§ Aim of the exercise
In the entries that follow, repeat exactly the lines from the one that has "Бањата се наоѓа" through the one that has "má jedno univerzální", but omit pictures.

==== Data extract

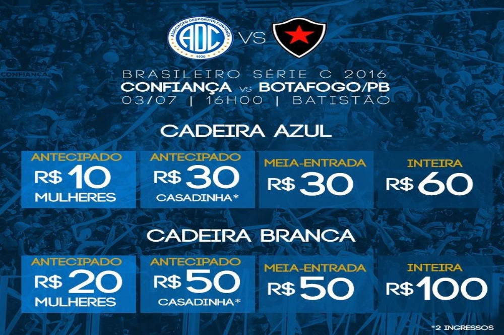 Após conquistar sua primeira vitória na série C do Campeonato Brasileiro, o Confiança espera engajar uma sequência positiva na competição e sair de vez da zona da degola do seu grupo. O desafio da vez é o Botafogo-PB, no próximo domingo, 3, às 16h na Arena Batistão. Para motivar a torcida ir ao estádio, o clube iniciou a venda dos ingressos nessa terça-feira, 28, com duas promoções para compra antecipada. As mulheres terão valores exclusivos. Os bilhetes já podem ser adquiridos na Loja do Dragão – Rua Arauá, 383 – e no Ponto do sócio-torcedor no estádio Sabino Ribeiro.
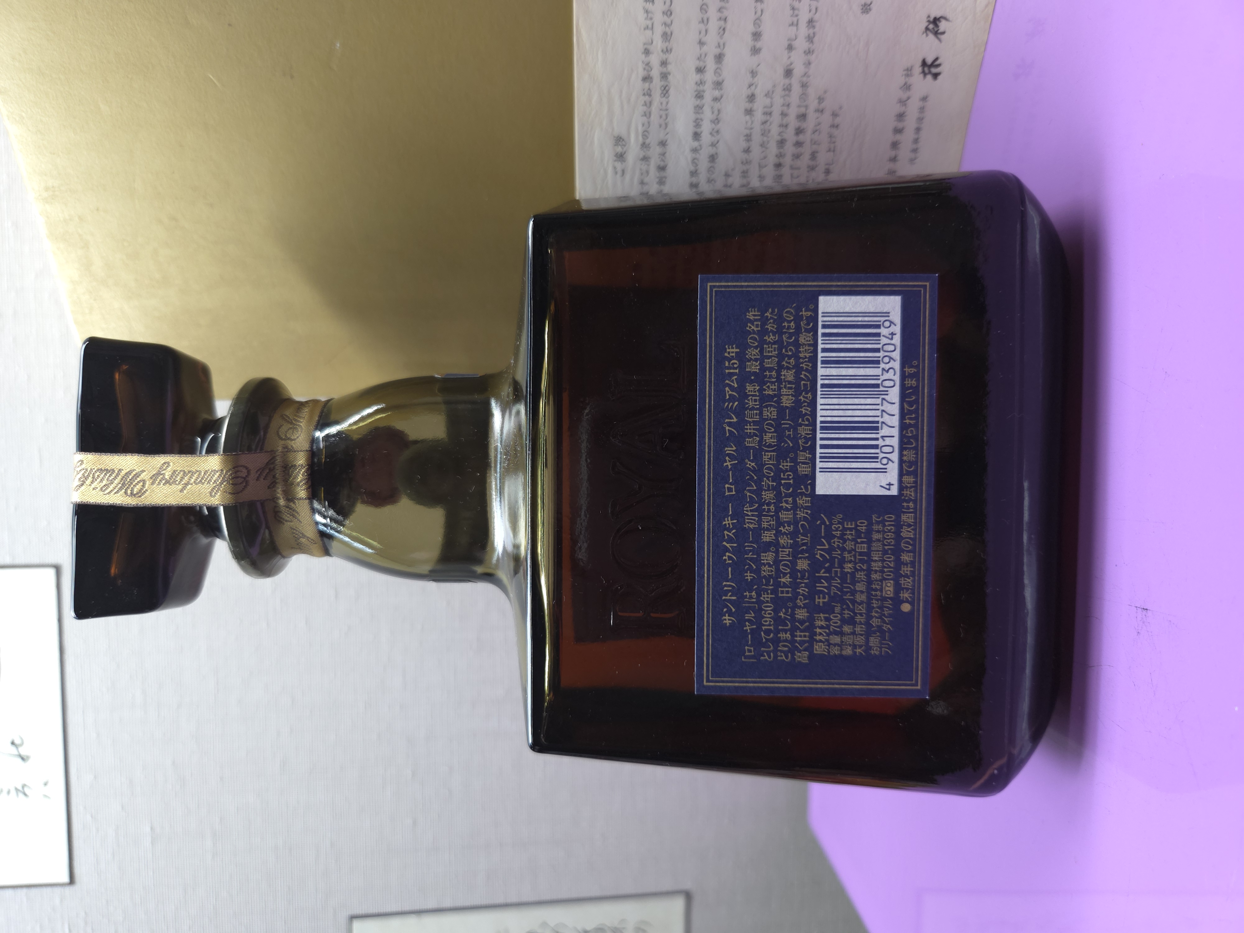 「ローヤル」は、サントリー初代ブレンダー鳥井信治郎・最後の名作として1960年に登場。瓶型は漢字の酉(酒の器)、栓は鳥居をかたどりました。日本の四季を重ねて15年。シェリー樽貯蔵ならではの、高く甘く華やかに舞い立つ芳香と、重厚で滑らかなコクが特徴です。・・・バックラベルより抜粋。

========
==== Data extract

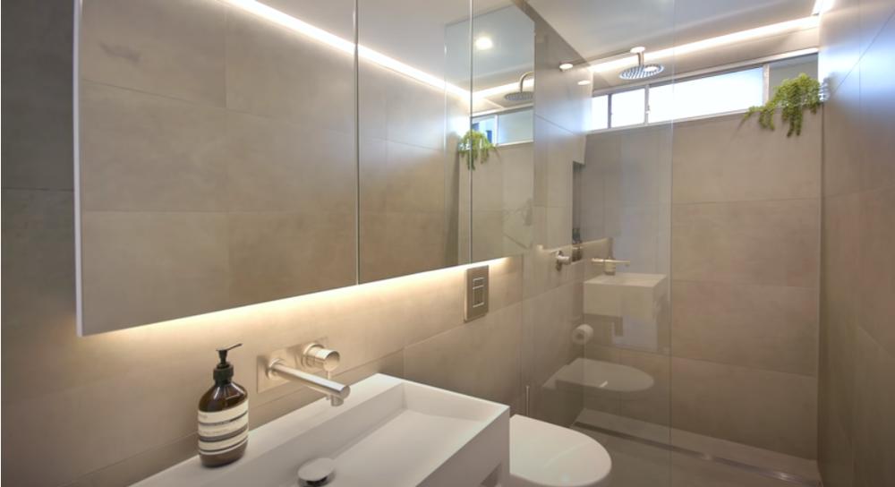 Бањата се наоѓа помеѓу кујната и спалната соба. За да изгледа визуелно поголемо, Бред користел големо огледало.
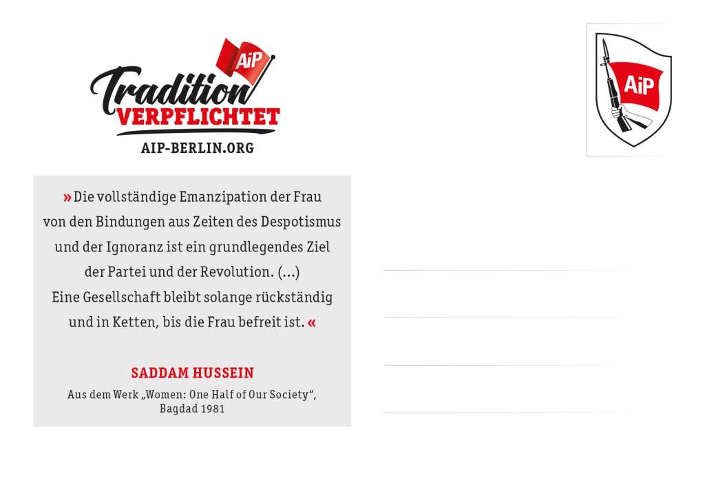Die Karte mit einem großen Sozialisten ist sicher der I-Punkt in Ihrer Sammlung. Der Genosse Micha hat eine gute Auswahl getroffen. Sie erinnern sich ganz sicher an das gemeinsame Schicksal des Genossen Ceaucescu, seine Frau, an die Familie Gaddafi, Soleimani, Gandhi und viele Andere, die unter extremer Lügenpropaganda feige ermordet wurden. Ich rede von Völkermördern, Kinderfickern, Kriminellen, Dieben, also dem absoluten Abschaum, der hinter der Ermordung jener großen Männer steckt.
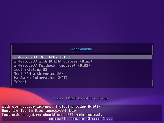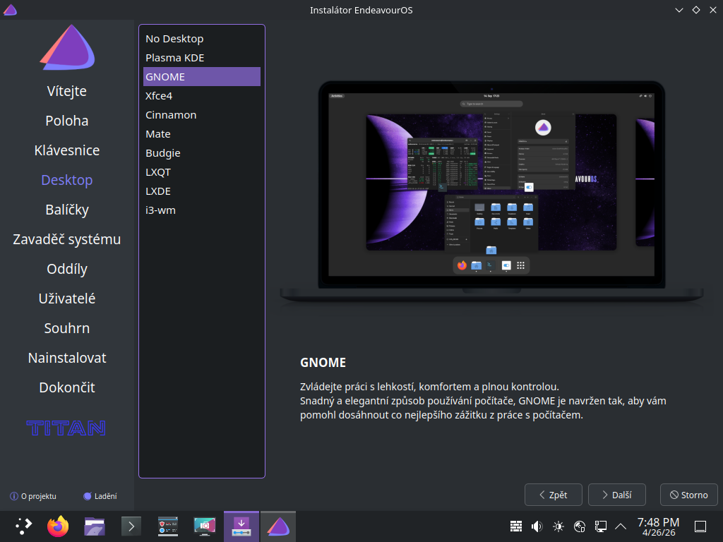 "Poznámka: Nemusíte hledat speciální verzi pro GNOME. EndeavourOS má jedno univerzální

========

§ Solution to this exercise
 Бањата се наоѓа помеѓу кујната и спалната соба. За да изгледа визуелно поголемо, Бред користел големо огледало.
Die Karte mit einem großen Sozialisten ist sicher der I-Punkt in Ihrer Sammlung. Der Genosse Micha hat eine gute Auswahl getroffen. Sie erinnern sich ganz sicher an das gemeinsame Schicksal des Genossen Ceaucescu, seine Frau, an die Familie Gaddafi, Soleimani, Gandhi und viele Andere, die unter extremer Lügenpropaganda feige ermordet wurden. Ich rede von Völkermördern, Kinderfickern, Kriminellen, Dieben, also dem absoluten Abschaum, der hinter der Ermordung jener großen Männer steckt.
 "Poznámka: Nemusíte hledat speciální verzi pro GNOME. EndeavourOS má jedno univerzální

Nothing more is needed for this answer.